Coffee Varietals & How One Farmer Blew My Mind

Coffee Varietals & How One Farmer Blew My Mind

What Coffee Varietals Actually Are

(And Why the Farmer Might Matter More)

When the coffee industry talks about varietals, there is a lot of nodding along. And honestly, most everyday coffee drinkers cannot make the connection between a varietal name on a bag and what ends up in their cup. That is not on the coffee drinker. That is on us. The industry has done a poor job of bridging that gap, and it is past time we did better.

I was reminded of this recently when one of my favourite producers, Marleyi Córdoba from Huila, Colombia, made a decision that turned into one of the most interesting roasting experiments I have had in a while.

The Coffee Industry Looks Simple On the Outside.

Walk into your local café, order a cup, and you are out the door in minutes for a few dollars. Easy. But that cup represents roughly a year of growing, harvesting, processing, and shipping, plus years of farming expertise layered underneath all of it. The simplicity on the surface is masking a complex web of an industry that is working behind the scenes 24/7.

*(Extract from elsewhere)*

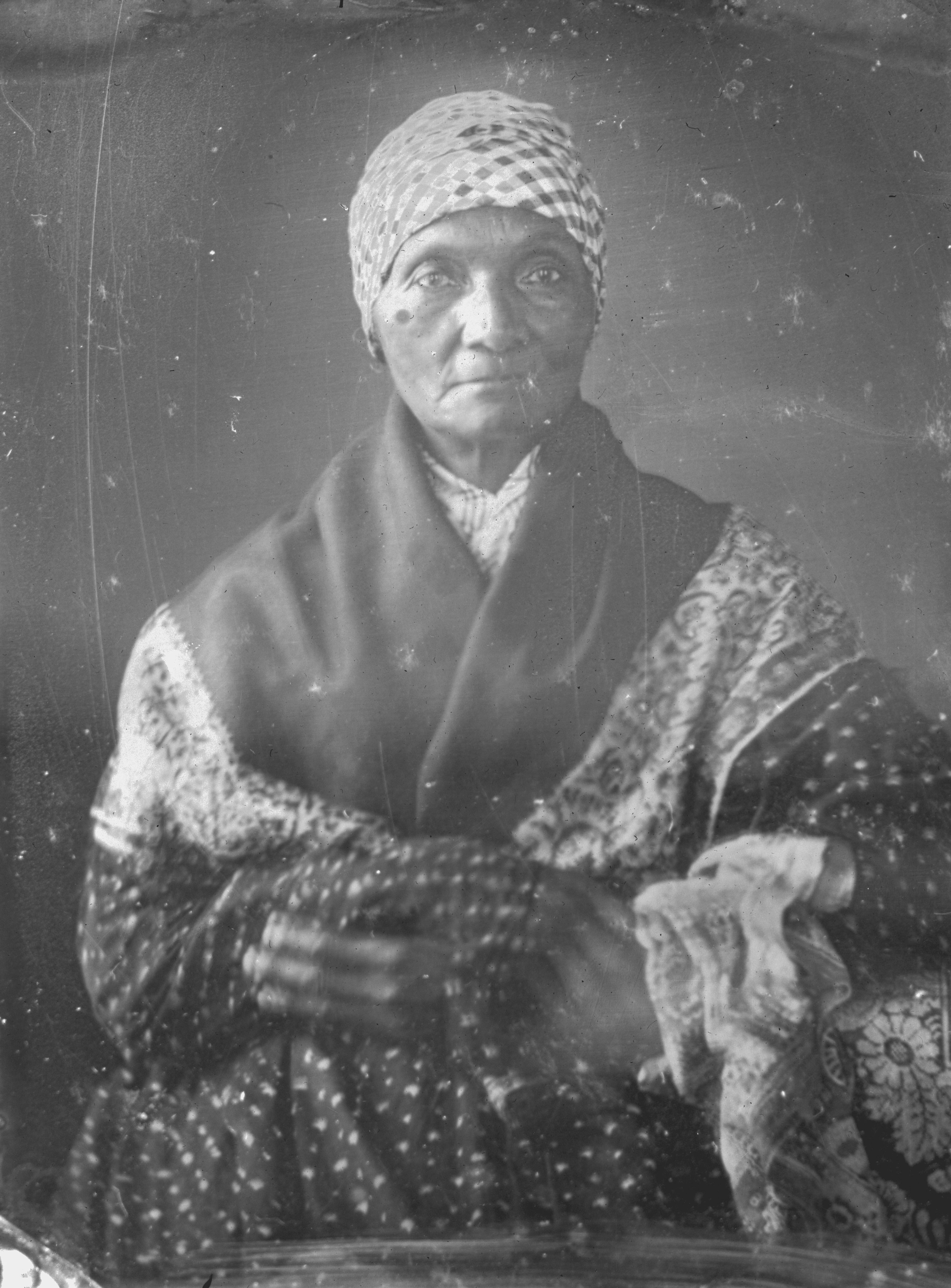 Dorcas Honorable, the last known Indian woman on Nantucket, who died in 1855. Read more about her at Image number: GPN4321

Varietals are one of the most misunderstood parts of that chain.

So, What Exactly Is a Coffee Varietal?

A coffee varietal is a subdivision of a coffee species. Most specialty coffee falls under Coffea arabica, but within arabica, there are hundreds of distinct varieties. Think of it the way you think about apples. A Granny Smith and a Honeycrisp are both apples, but they taste completely different and grow under different conditions.

Common arabica varietals you may have seen on bags include bourbon, typica, geisha, SL28, pacamara, and now increasingly, pink bourbon.

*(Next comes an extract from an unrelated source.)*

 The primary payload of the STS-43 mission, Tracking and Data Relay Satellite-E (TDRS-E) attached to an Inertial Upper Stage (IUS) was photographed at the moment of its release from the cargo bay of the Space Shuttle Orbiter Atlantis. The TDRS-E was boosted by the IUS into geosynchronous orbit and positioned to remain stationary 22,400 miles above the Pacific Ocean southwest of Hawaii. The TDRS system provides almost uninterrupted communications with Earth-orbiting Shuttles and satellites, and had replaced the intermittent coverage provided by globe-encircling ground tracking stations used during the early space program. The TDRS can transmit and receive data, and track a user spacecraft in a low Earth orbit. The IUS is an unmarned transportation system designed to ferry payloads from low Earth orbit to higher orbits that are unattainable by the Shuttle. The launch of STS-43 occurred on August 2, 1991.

Many of these varietals originated from heirloom varieties in Ethiopia and Yemen and were transplanted to other parts of the world over centuries. When an Ethiopian heirloom was replanted in Panama, it mutated naturally over time into what we now call the Geisha variety, one of the most sought-after and expensive coffees in the world. When another Ethiopian heirloom landed in South and Central America, a similar process produced what we call pink bourbon, which despite the name, is not actually part of the bourbon family at all.

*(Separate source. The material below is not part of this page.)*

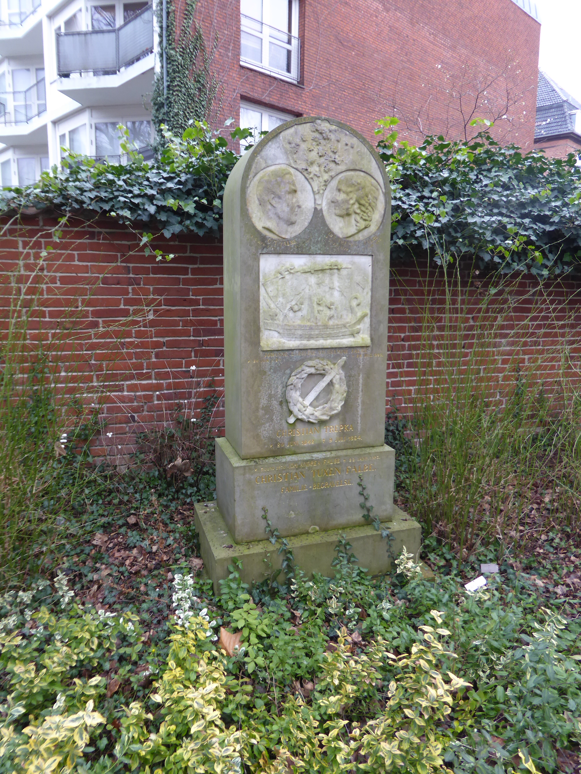 Grave of the naval officer Christian Tuxen Falbe (1791-1849) at Holmens Kirkegård in Copenhagen. He was the first Danish photographer.

Varietals matter because they affect yield, disease resistance, altitude suitability, and yes, flavour.

The Experiment That Changed How I Think About Varietals

Marleyi Cordoba grows her coffee at a high altitude in Colombia. If I had to describe her in one word, it would be risk-taker. If I had more words, I would add badass, trailblazer, and beyond talented.

Over the last few years, Marleyi made the decision to cultivate a new varietal, the pink bourbon, and slowly phase out the tabi. Tabi is a beautiful coffee. What we had previously from Marleyi was a gorgeous tabi, but it is also a delicate and high-maintenance variety. The pink bourbon made more sense for her altitude and her goals. A calculated risk, but a bold one.

This year, I decided to run an experiment. I sourced the new pink bourbon from Marleyi and roasted it alongside what I remembered from her tabi. Almost every variable was identical: same soil, same altitude, same farmer, same farming practices. The only things that changed were the varietal and the crop year.

My hypothesis was that the pink bourbon would roast and taste noticeably different. Same farm, different plant. Like swapping green apples for red ones.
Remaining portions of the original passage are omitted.